– Симаков всё извратил, – начал я. – Он хвастается, что вскрыл какие-то «корни». Чепуха на постном масле. Эти корни существуют лишь в его больном воображении.
– Ливанов! – остановила меня Шура. – Ты можешь говорить более спокойно?
– Могу. Мне нечего волноваться – он врет, а не я.
Отвечая, я видел самонадеянную физиономию Симакова и плохо владел собой. Как он возмутил меня! Минутами я от волнения переставал слышать собственные слова.
– В общем, ты безупречен? – сказала Шура. – Так я тебя поняла?
– Нет, но… Никакой личной вражды к Касперскому у меня нет. Даю слово комсомольца. Я не хотел чернить его. Я надеялся, он поймет и сам захочет разобраться в истории с Пшеницыным. Это очень важный вопрос… Что бы ни говорили, я его не оставлю.
– Всяк по-своему с ума сходит, – молвил Симаков в сторону.
– Ему доказывать что-нибудь, – взорвался я, – это всё равно что прививать оспу телеграфному столбу!
Все засмеялись, кроме меня и Симакова. Шура постучала карандашом по крышке чернильницы.
– Ну вас! – сказала она просто, по-домашнему, и я, поймав взгляд ее невозмутимых серых глаз и вдруг испугавшись, что самое важное будет забыто, заявил:
– Я кончу вуз и поеду в Дивногорск. Я для того и учусь.
Должно быть, фраза прозвучала заносчиво, так как Шура сухо заметила:
– Приветствовать будем.
Симаков заерзал на стуле:
– Ливанов разводит демагогию.
Поскрипел стулом, откашлялся и оглядел членов бюро, ища поддержки. Но Шура опять постучала карандашом.
– У Ливанова есть серьезная цель, – сказал Савичев, один из самых старших студентов на факультете. – Демагогии я тут не вижу. – Он пощипал редкую бородку. – Не вижу. Зачеркивать доклад Ливанова нельзя, мысли хорошие. Главный вывод такой: мы должны быть ближе к жизни, к задачам пятилетки.
Он помолчал и закончил:
– Но вот с кулаками кидаться, обзывать других – нехорошо, товарищ Ливанов.
При этих словах Симаков приободрился. Не воображает ли он, что я начну оправдываться?

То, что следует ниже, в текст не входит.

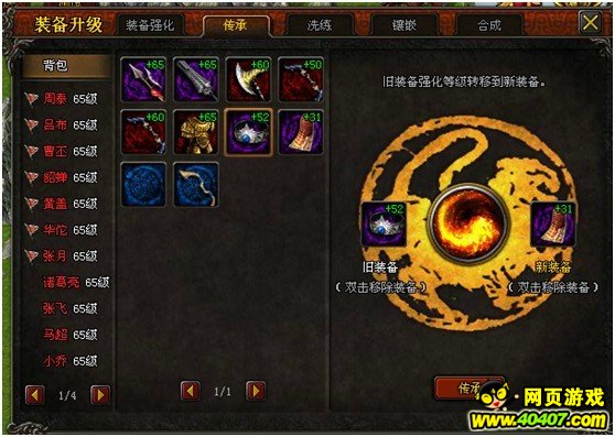 装备传承是由就装备传承往新装备,将原有旧装备的强化等级变为新装备的强化等级,旧装备强化等级清零。

– Перед ним мне нечего каяться, – отчеканил я. – Он налгал на меня. И уж если искать корни поведения, то я у него скорее найду. И не ошибусь. Симаков лижет пятки Касперскому. Это все знают.
Мой выстрел попал в цель. Симаков побагровел…
Закончилось разбирательство тем, что и мне и Симакову решили вынести порицание – ему за склоку, а мне за нетактичное поведение.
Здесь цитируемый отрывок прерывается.